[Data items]
★ ★ ★

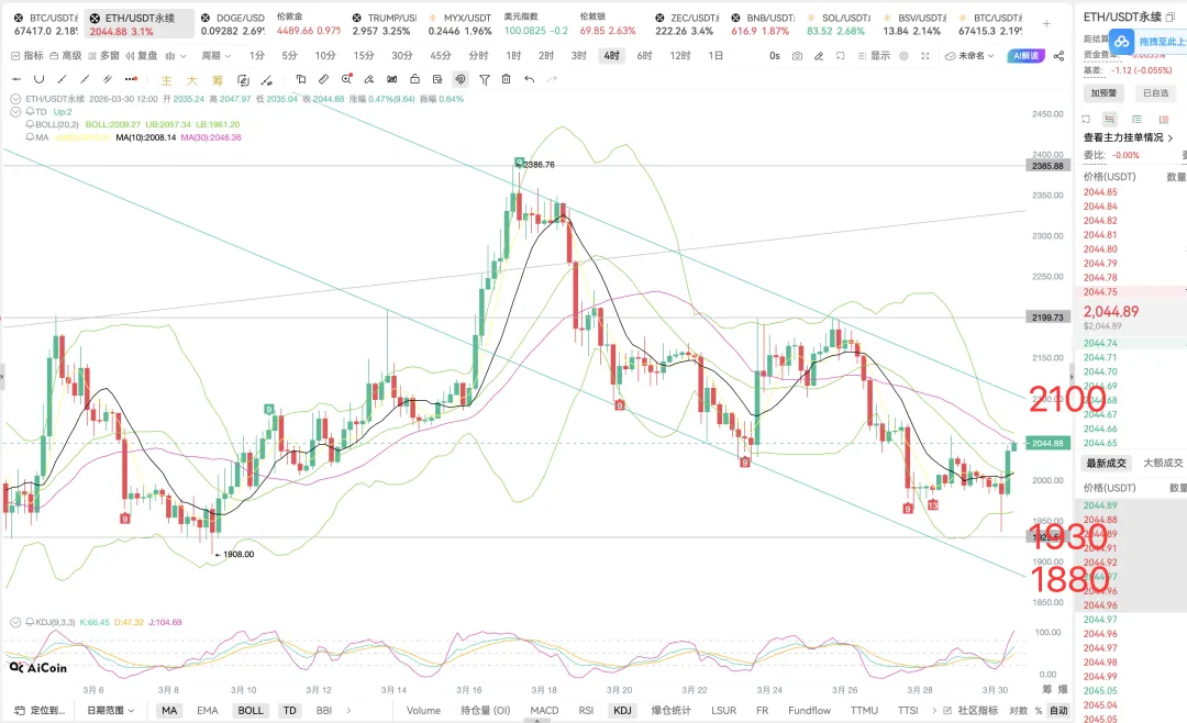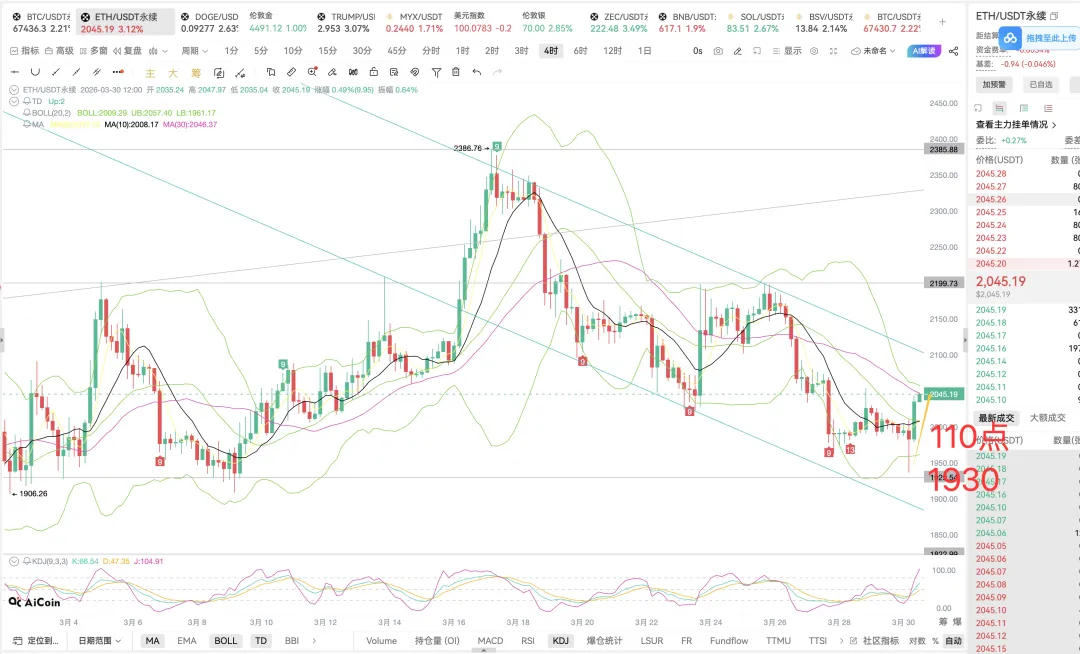 以太前期所分析支撑位1930,早间下探之后上涨110点,根据策略执行将暴力收割!!
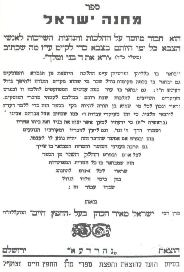 ספר שחולק למתנדב היהודי לצבא הבריטי במלחמת העולם השנייה מאת החפץ חיים
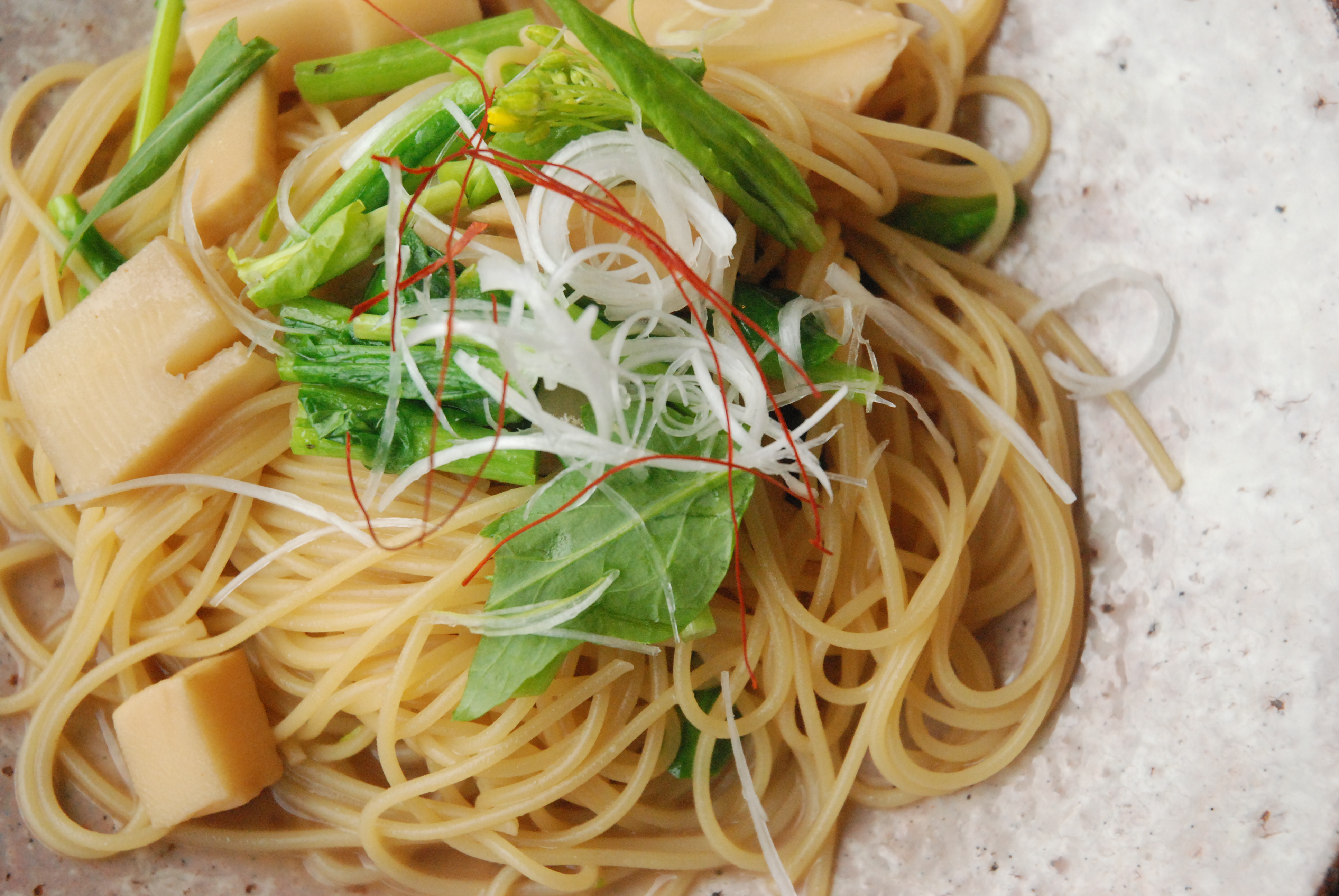 上に載っているのは白髪ねぎと糸唐辛子です。
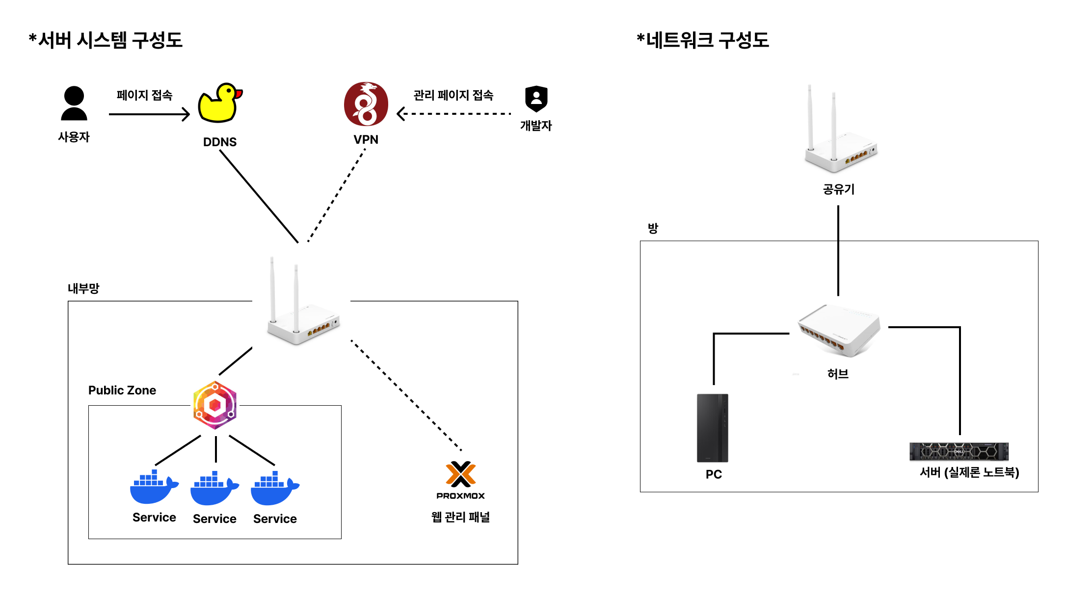 (사실 SSH 접속이 제일 간단하지만, 지식이 부족한 상황에서 빠르게 구축해야 하다 보니 어쩔 수 없이 VPN과 웹 관리 패널을 통한 관리 방식을 선택했습니다.)
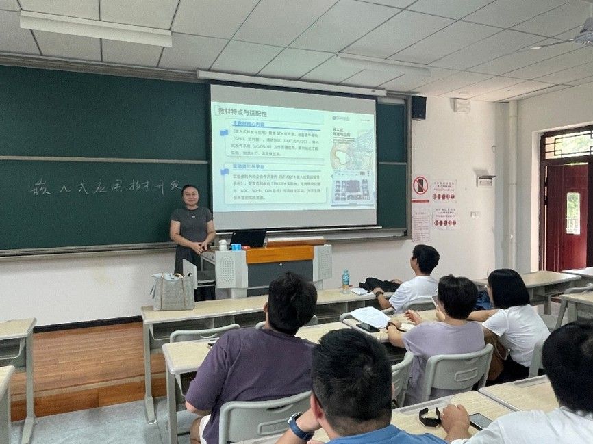嵌入式应用技术开发课程组马X杳老师聚焦课程核心内容,深入剖析所选教材的知识体系,阐述课程在智能科学专业人才培养中的基础支撑作用。针对学生在硬件操作与代码调试衔接上的薄弱点,明确STM32核心模块应用为教学重点,以“理论+实操”双路径破解嵌入式系统开发流程抽象的教学难点,教学设计紧密贴合工程型人才培养需求。
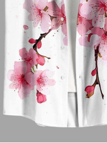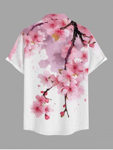 Plus Size Flower Branch Print Buttons Pocket Hawaii Shirt For Men - Pink - M
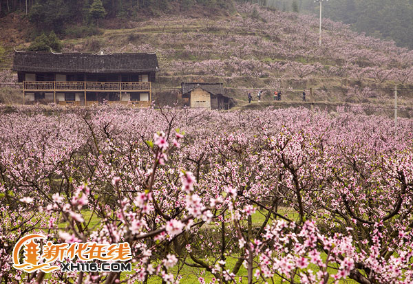 漫山遍野的桃花,远处几人是冷水江过来的游客
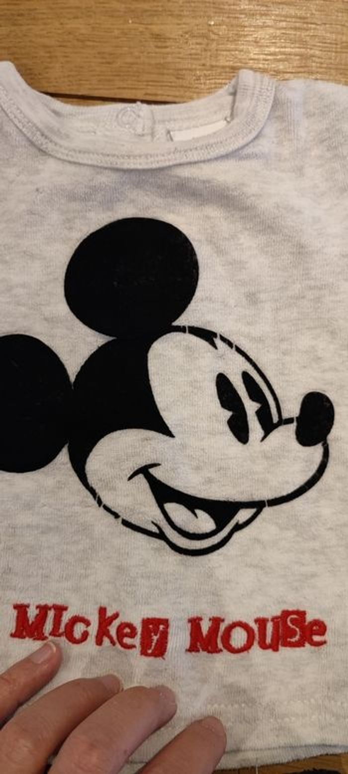 Pyjama 2 pièces Mickey Marque Disney Taille 6 mois Les motifs s'effritent un peu, les pieds sont un peu uses

★ ★ ★

Write the records out again in full, exactly, and skip every picture.

Task output:
 以太前期所分析支撑位1930,早间下探之后上涨110点,根据策略执行将暴力收割!!
 ספר שחולק למתנדב היהודי לצבא הבריטי במלחמת העולם השנייה מאת החפץ חיים
 上に載っているのは白髪ねぎと糸唐辛子です。
 (사실 SSH 접속이 제일 간단하지만, 지식이 부족한 상황에서 빠르게 구축해야 하다 보니 어쩔 수 없이 VPN과 웹 관리 패널을 통한 관리 방식을 선택했습니다.)
嵌入式应用技术开发课程组马X杳老师聚焦课程核心内容,深入剖析所选教材的知识体系,阐述课程在智能科学专业人才培养中的基础支撑作用。针对学生在硬件操作与代码调试衔接上的薄弱点,明确STM32核心模块应用为教学重点,以“理论+实操”双路径破解嵌入式系统开发流程抽象的教学难点,教学设计紧密贴合工程型人才培养需求。
 Plus Size Flower Branch Print Buttons Pocket Hawaii Shirt For Men - Pink - M
 漫山遍野的桃花,远处几人是冷水江过来的游客
 Pyjama 2 pièces Mickey Marque Disney Taille 6 mois Les motifs s'effritent un peu, les pieds sont un peu uses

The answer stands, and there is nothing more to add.